Monkeypox and smallpox

“The differential diagnosis might include other vesicular eruptions, such as those caused by varicella or smallpox,” reported Dr. Català, who noted that monkeypox and smallpox are related.

Cutaneous lesions often appear first at the site of infection, such as the genitalia, but typically spread in a secondary eruption that is pruritic and may take days to resolve, according to Dr. Català. She reported that single lesions are less common but do occur. While hundreds of lesions have been reported among cases in endemic areas, most patients had 25 lesions or fewer in the Spanish epidemic and other recent series.

Even though there is a common progression in which lesions begin in a papular stage before the vesicular and pustular stages in a given area, new eruptions can occur before a prior eruption develops scabs.

“Frequently, not all the patient’s lesions are in the same stage of development,” said Dr. Català, who explained that disease activity and its complications, such as proctitis, pharyngitis, and penile edema, can take weeks to resolve. Because of the highly invasive nature of monkeypox, it is appropriate to be alert to less common manifestations, such as ocular involvement.

Many of these and other complications, such as secondary bacterial infections, will require targeted treatment, but the mainstay of therapy for the dermatologic manifestations of monkeypox is symptomatic treatment that includes nonsteroidal anti-inflammatory drugs and analgesics.
 

 

 

Re-epithelialization reduces transmission risk

“A clean, moist environment can mitigate transmission potential by covering infectious sores and promoting the re-epithelialization of the damaged exanthem,” Dr. Català advised. Tecovirimat (TPOXX, ST-246), an antiviral drug for smallpox, is approved for treating monkeypox in Europe but not in the United States (but it is approved for smallpox in the United States). Another antiviral drug, brincidofovir (CMX001 or Tembexa), is approved for smallpox in the United States, but not in Europe, according to Dr. Català. (In the United States, no treatment is specifically approved for treating monkeypox, but antivirals developed for smallpox “may prove beneficial against monkeypox,” according to the CDC.)

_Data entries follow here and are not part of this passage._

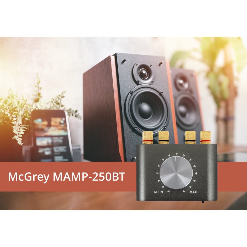McGrey MAMP-250BT Mini HiFi Amplifier 100 Watt Ultra Compact Stereo Amplifier 2 x 50 Watt Bluetooth 5.0, Jack and USB Input Clamp Connections for 2 Speakers Grey Metallic
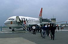 We arrived safely at Haneda in the B747. We used the Super Resort Express Service, but really was there any difference apart from the exterior paint?? At the airport there was a snoopy painted plane (for the skiiers?), it was really quite cute. Talking of such, why does the sky manta mascot often seen on Okinawa maps have legs??
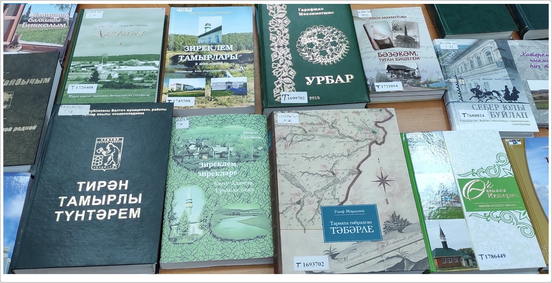 Авыллар тарихына багышлап чыгарылган, Милли китапханәдә сакланучы китапларның кайберләре.
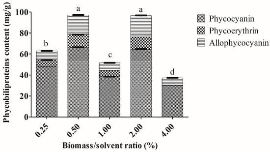 Extractions of phycobiliproteins content from Arthrospira sp. (UPMC-A0087) using different biomass solvent ratios. Values annotated with different letters indicate a statistically significant difference (p < 0.05) in terms of total phycobiliproteins among the tested parameter.

But she advised weighing the risks and benefits of using either drug in any individual patient.

The data suggest that the risk of viral shedding persists until the late stages of the disease trajectory. “A person is considered infectious from the onset of clinical manifestations until all skin lesions have scabbed over and re-epithelization has occurred,” Dr. Català said.

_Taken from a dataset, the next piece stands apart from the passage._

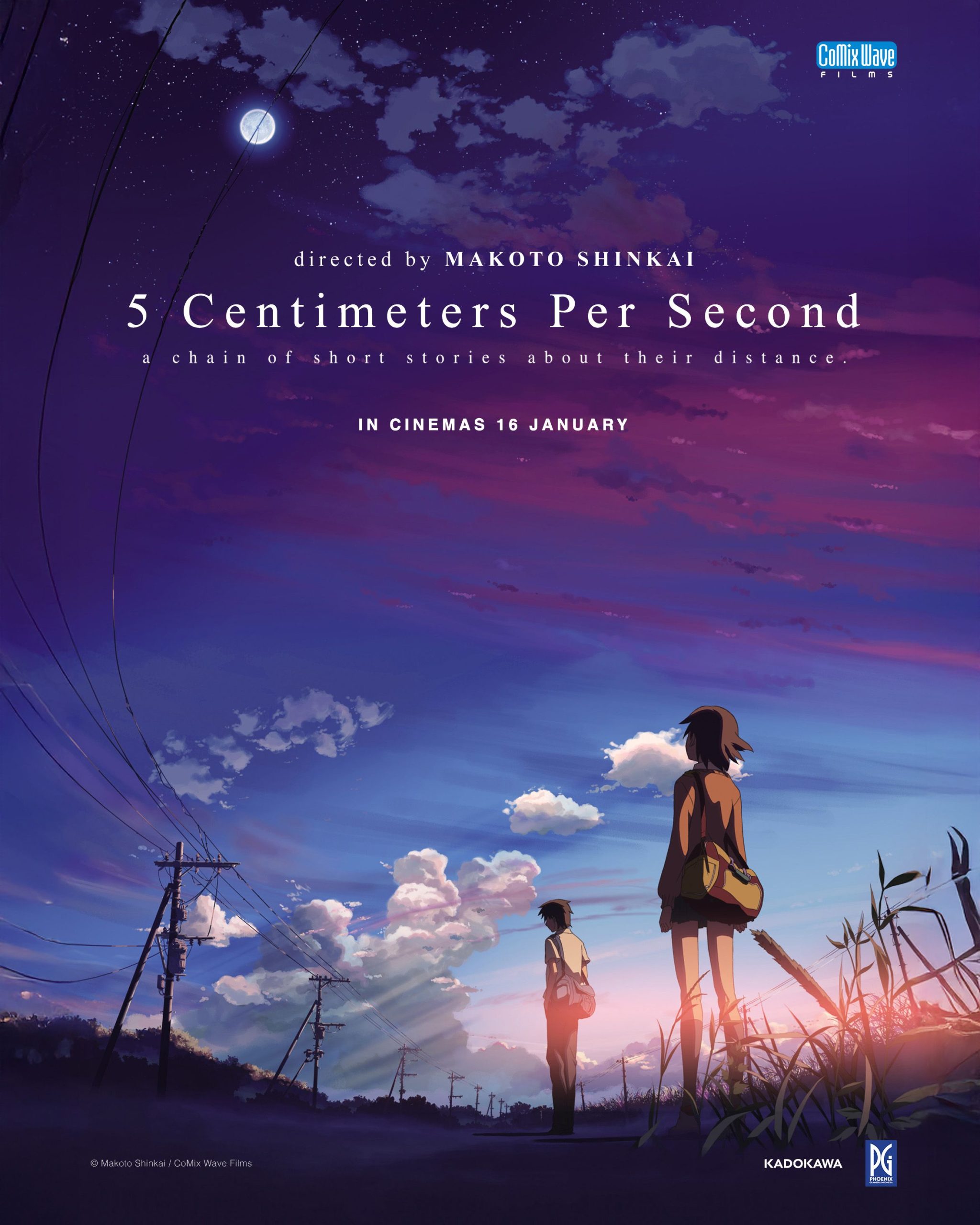 Setelah 18 tahun sejak perilisan perdananya, film animasi legendaris karya sutradara Makoto Shinkai, 5 Centimeters Per Second (2007), akhirnya akan tayang di jaringan bioskop Indonesia mulai 16 Januari 2026. Para penggemar Makoto Shinkai dan pencinta animasi kini bisa merasakan pengalaman menonton animasi legendaris 5 Centimeters Per Second di layar lebar. Sebelum rilis reguler, juga akan ada special screening pada 10 dan 11 Januari 2026.

The prolonged period of contagion might be one reason to expect monkeypox to be transmitted more generally than it is now, according to Boghuma K. Titanji, MD, PhD, assistant professor of infectious diseases, Emory University, Atlanta.

“The longer the outbreak persists, the more likely we will see cases reported in groups other than MSM who have been most affected so far,” said Dr. Titanji, the first author of a recently published review article on monkeypox in Open Forum Infectious Diseases.

However, he acknowledged that a COVID-like spread is not expected. “The spread of monkeypox requires close and prolonged contact and is generally inefficient via fomites and droplet modes of transmission,” Dr. Titanji said in an interview. “Spread in heterosexual networks and congregate settings like crowded jails where close contact is unavoidable remains a concern that we need to educate the public about and maintain a high level of vigilance for.”

Dr. Català and Dr. Titanji report no potential conflicts of interest.